Planning Your Own Funeral Isn’t Digging Your Own Grave
You’re obviously not going to sit there and negotiate on coffin prices with a funeral director. I state obviously as I’m not sure anyone has advocated suggesting “Can’t you do me a good deal, say 25% off?!” Although I’m sure family burial plots are sold on similar principles.
Whatever funeral arrangement you begin to make be assured that fixed prices between funeral directors can be compared.

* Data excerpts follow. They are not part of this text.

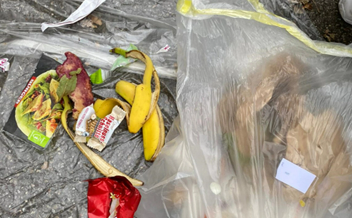 | ▲ 노란색 재활용 봉투에 든 바나나 껍질 – 왜 쓰레기 분리수거는 종종 실패할까? © Universität Hohenheim/ Eva Pawelczyk |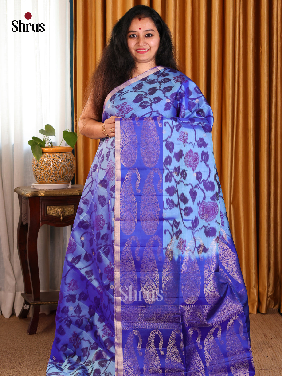 Discover understated elegance with this charming light blue soft silk saree, a true gem from our latest collection. The saree's graceful body is delicately adorned with intricate floral nestling motifs, adding a subtle touch of natural beauty. It features splendid contrast blue zari borders, meticulously woven with traditional paisley motifs that exude timeless artistry. The pallu is exceptionally rich, echoing the grandeur of the border with its exquisite detailing. Completing this alluring ensemble is a plain contrast blue blouse, designed to enhance the saree's sophisticated charm. Explore our soft silk sarees and Buy Soft Silk Sarees Latest Collection Online to embrace this captivating style.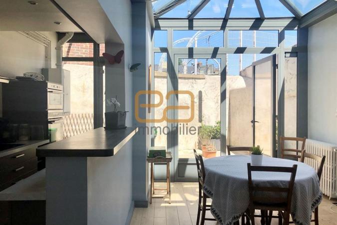 Au rez-de-chaussée : double salon et cuisine ouverte sur une salle à manger lumineuse sous verrière et son patio (20m2), un wc.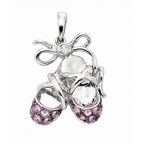 14Kt White Gold Diamond & Pink Sapphire Ballet Slippers Enhancer Charm Pendant (0.26cts tw)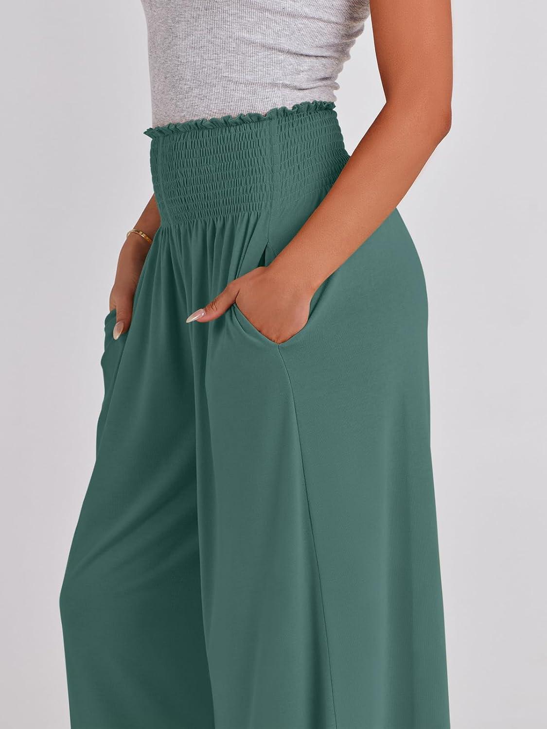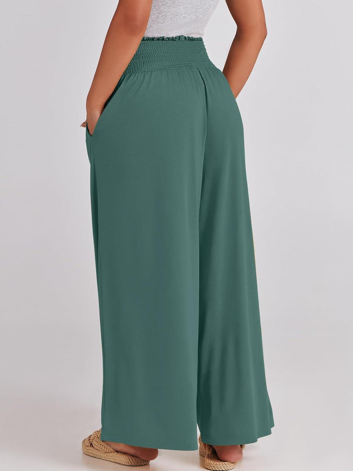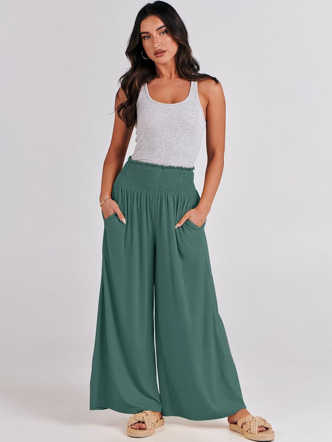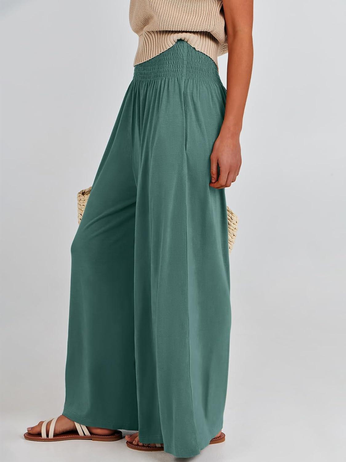 ANRABESS Women Palazzo Pants Summer Boho Bagyy Wide Leg High Smocked Waist Casual Loose Lounge Pant with Pocket(Grass)
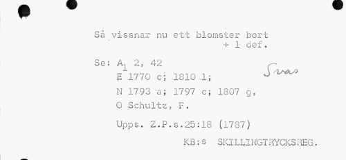 //// Så vissnar nu ett blomster bort //// + 1 def. //// Se: A, 2, 42 //// E 1770 c; 1810 1; ° //// N 1793 a; 1797 c; 1807 g, O Schultz, F. //// Upps. Z.P.s.25:18 (1737) //// KB:s SKILLINGTRYCKSREG. ////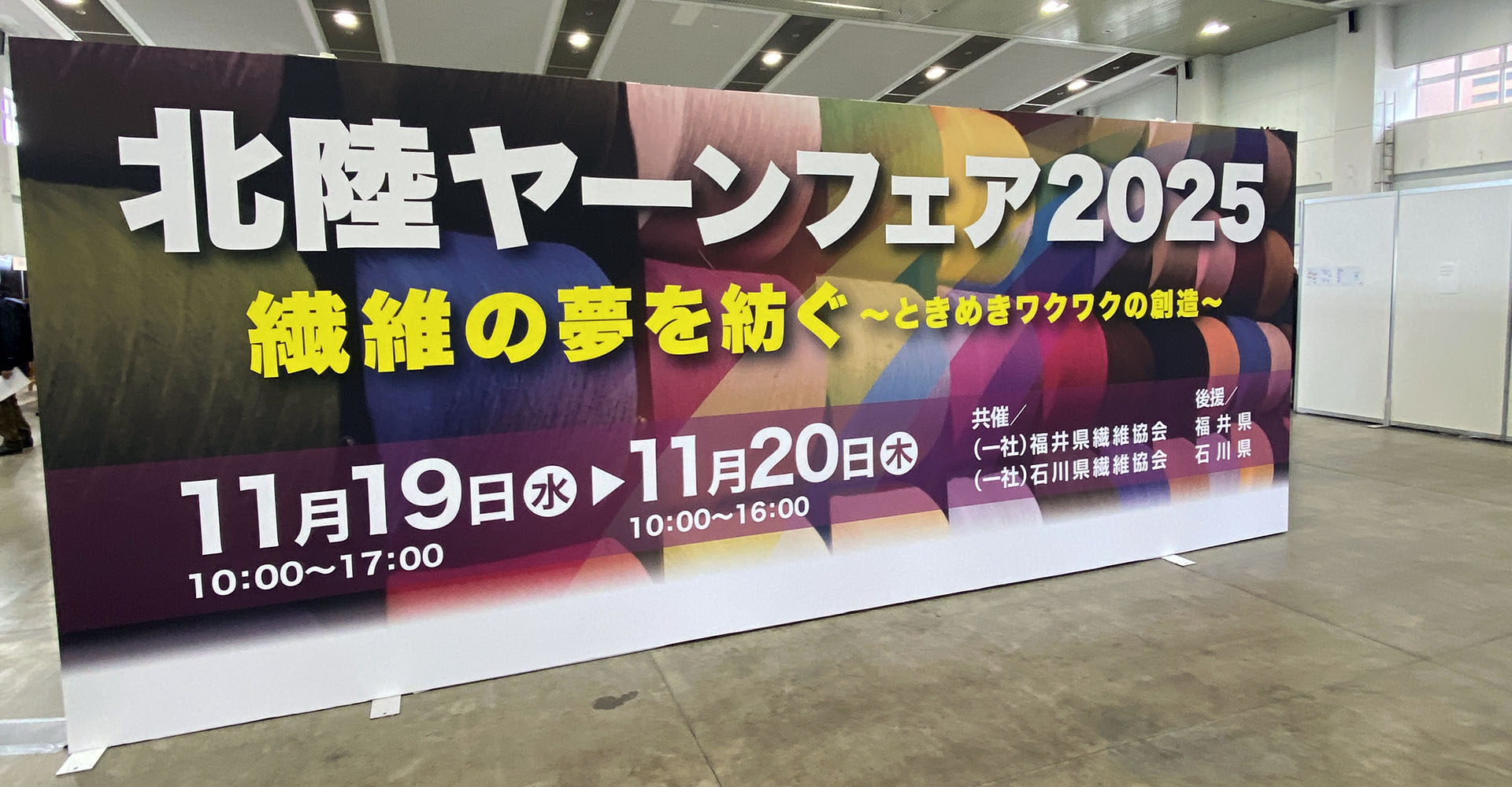 2025年11月19日(水)・20日(木)の2日間、福井県産業会館でサステナブルや高機能な新素材が一堂に会する繊維の祭典「北陸ヤーンフェア2025」が開催され、グローバルマテリアル部門が出展しました。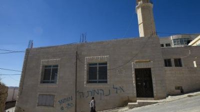 قام مستوطنون متطرفون بكتابة شعارات مسيئة للنبي محمد ورسم نجمة داود فجر الاثنين على جدران احد مساجد بلدة بيت اكسا شمال غرب مدينة القدس وحرق سيارتين لسكان البلدة بحسب ما افاد شهود ومصور وكالة فرانس برس .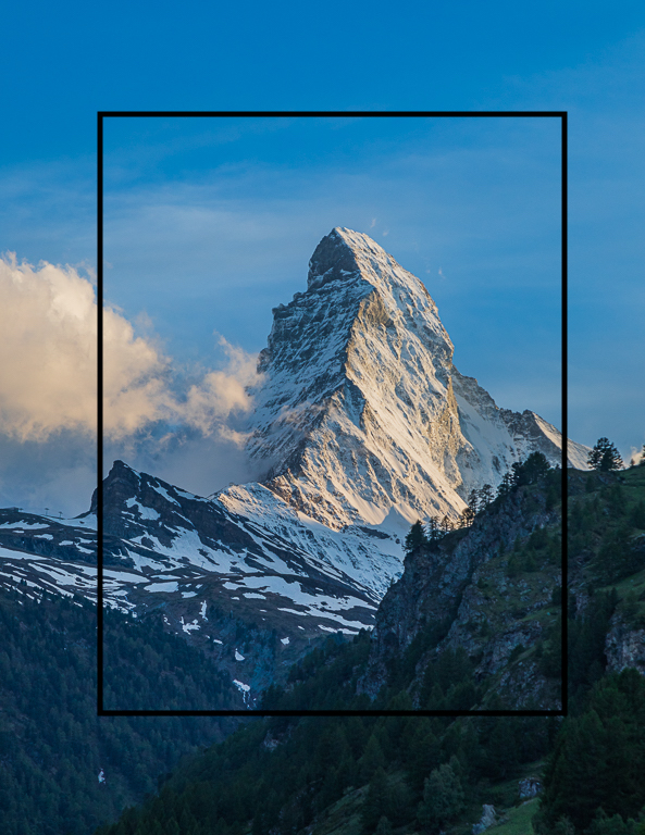 How lucky you are to have been able to visit this beautiful location. I agree with you and the others that waming iup the face of the mountain is a very nice enhancement. I am generally partial to square crops and use them a lot, but for me a vertical crop for this image would add to the sense of the great height and grandeur of the mountain. I do like the crop with less sky at the top, so to acheieve a vertical would mean cropping in at the sides. Would you consider cropping as indicated on my visual feedback if you have enough pixels? |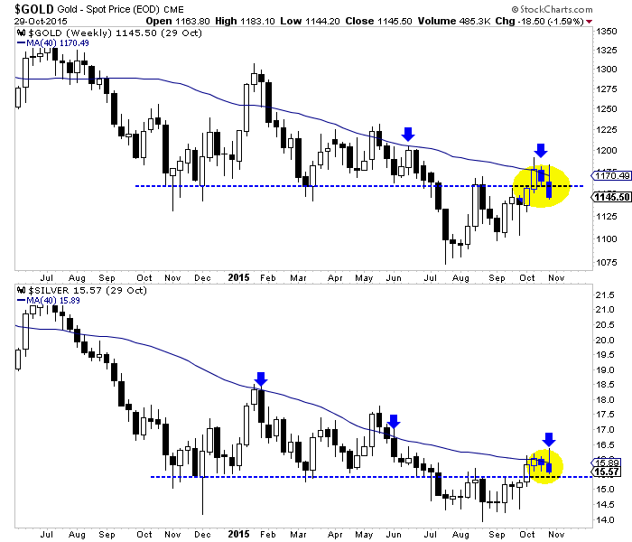 Below we show the weekly candle charts for Gold and Silver and their 40-week (200-day) moving averages. Gold tested moving average resistance in each of the past three weeks. The Fed decision induced a nasty reversal on the chart as Gold went from trading above resistance to well below it. Gold also lost the key weekly pivot point around $1150-$1160. Silver formed the same bearish reversal after testing moving average resistance during each of the past four weeks. (Another important point is Gold failed at $1180 on the monthly chart).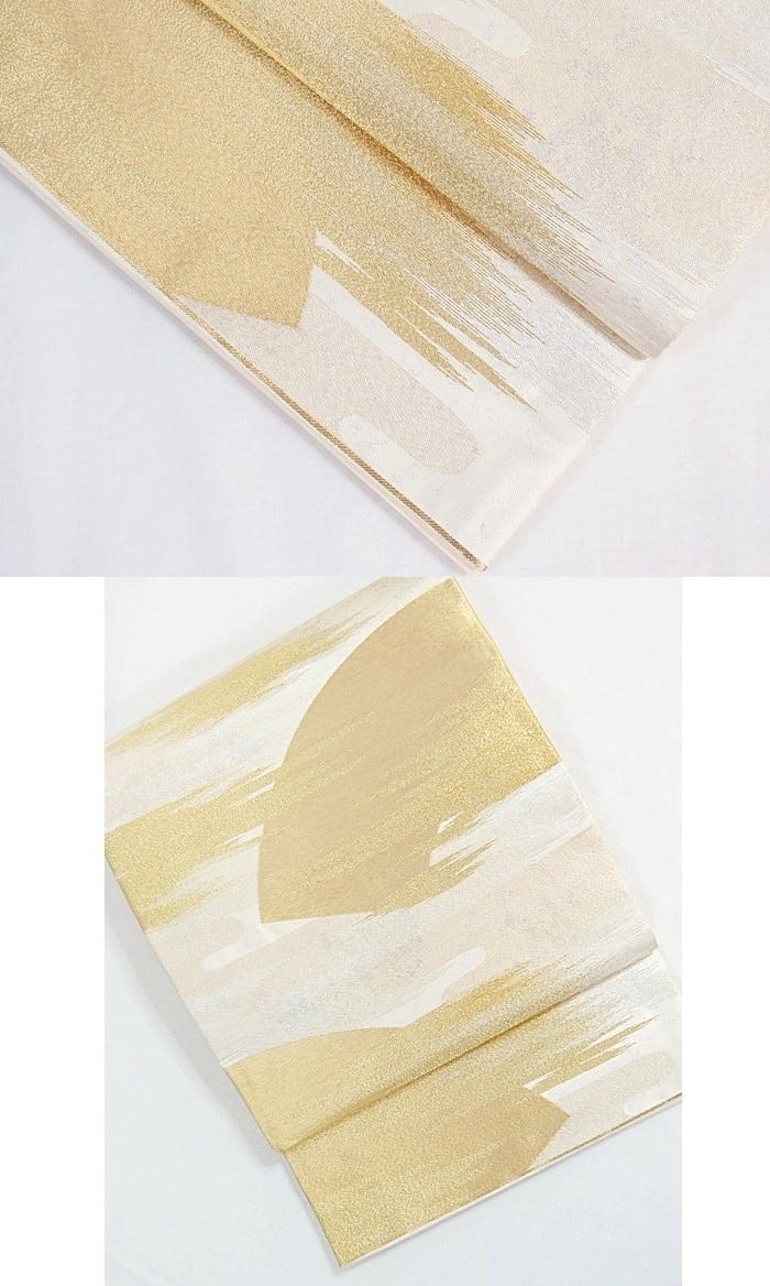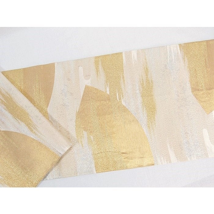 【錦 袋帯】土佐霞に地紙/白地/金/銀【美品】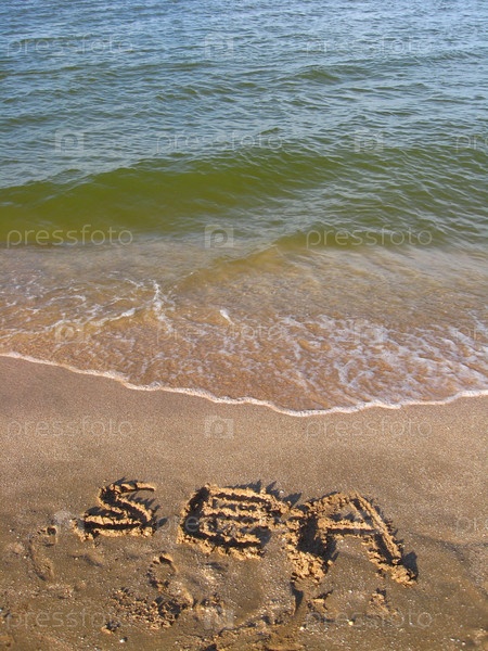 Панорама морских волн и надпись МОРЕ на песке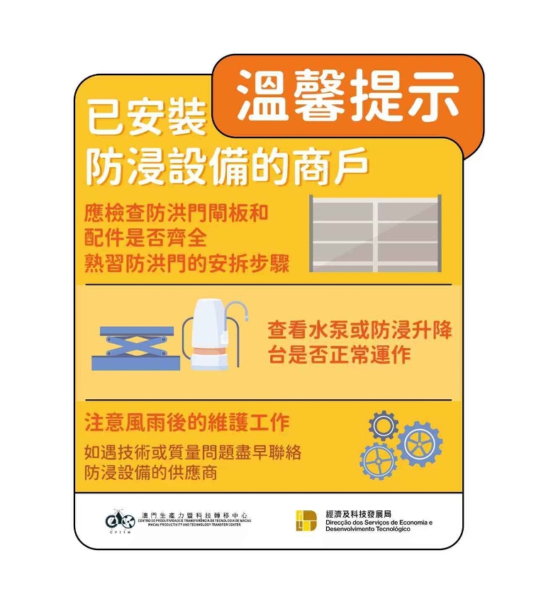 澳门生产力暨科技转移中心与经济及科技发展局呼吁各商户,特别是位处低洼地区的中小企业,密切留意气象部门发布的最新天气情况,按需要及时做好防风防浸的准备工作及预防措施。同时,呼吁已安装防浸设备的商户,检查防洪门闸板和配件是否齐全,熟习防洪门的安拆步骤;已安装防浸升降台和水泵的商户,检查设备是否正常运作。如有疑问,应尽快向所属的工程公司或供应商了解,做好准备,以策万全。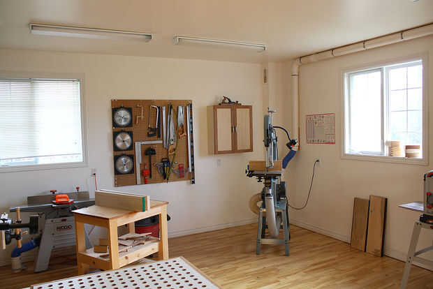 Las fotos muestran cómo los bancos de luces fluorescentes se utilizan en un taller de carpintería típico, mi taller actual. Los bancos pueden ser encendidos y apagado por separado y la concentración de la luz crea un ambiente brillante. La incidencia de lesiones se reduce si el trabajo es tiene grandes cantidades de luz. También son menos propensos a cometer errores ya que las piezas de trabajo son fáciles de ver. Al terminar un proyecto, un ambiente luminoso y bien iluminado muestra cualquier defectos de la superficie mejor. En mi diseño de taller, se incrementó la cantidad de ventanas para traer más luz ambiente. En días soleados, casi nunca enciendo alguno de los bancos fluorescentes de la luz. Iluminación es importante al hacer el trabajo de la mano tales como corte y colocación de carpintería de la cola de Milano. Tengo una lámpara portátil conectada a cada uno de mis cuatro mesas de trabajo.

That there are often many different materials used for caskets, coffins and urns, as well as price comparison on cremation. Another aspect of saving money on a funeral is to plan and pay in advance.
This doesn’t involve you digging your own grave, nor do you really have to choose hymns, music, prayers or readings for the service yourself unless you really wish to. Whether you know you’re dying or you wish your relatives, Wife, Husband, children to not have to face the financial concern at such a heartbreaking time, then you can both think of those you’ll be leaving behind as well as save you and your estate some money on the way out.
In five, ten or twenty years funerals will not be any cheaper, inflation sees to that. If the objective is to make your passing less of an hassle on the bereaved, to save on funeral expenses and possibly pay instalments for a year or two then a pre paid funeral is probably going to offer your loved ones the biggest saving over that of a DIY funeral or with a service held at your own home.
Without specifying actual figures as they differ vastly countrywide. If the average funeral costs £2500 today then in 20 years time it could be triple that amount, buying in advance, reserving a plot and services while saving your family turmoil and aggravation seems the best saving to me. You don’t have to be cheap nor exuberant, perhaps just being thoughtful matters.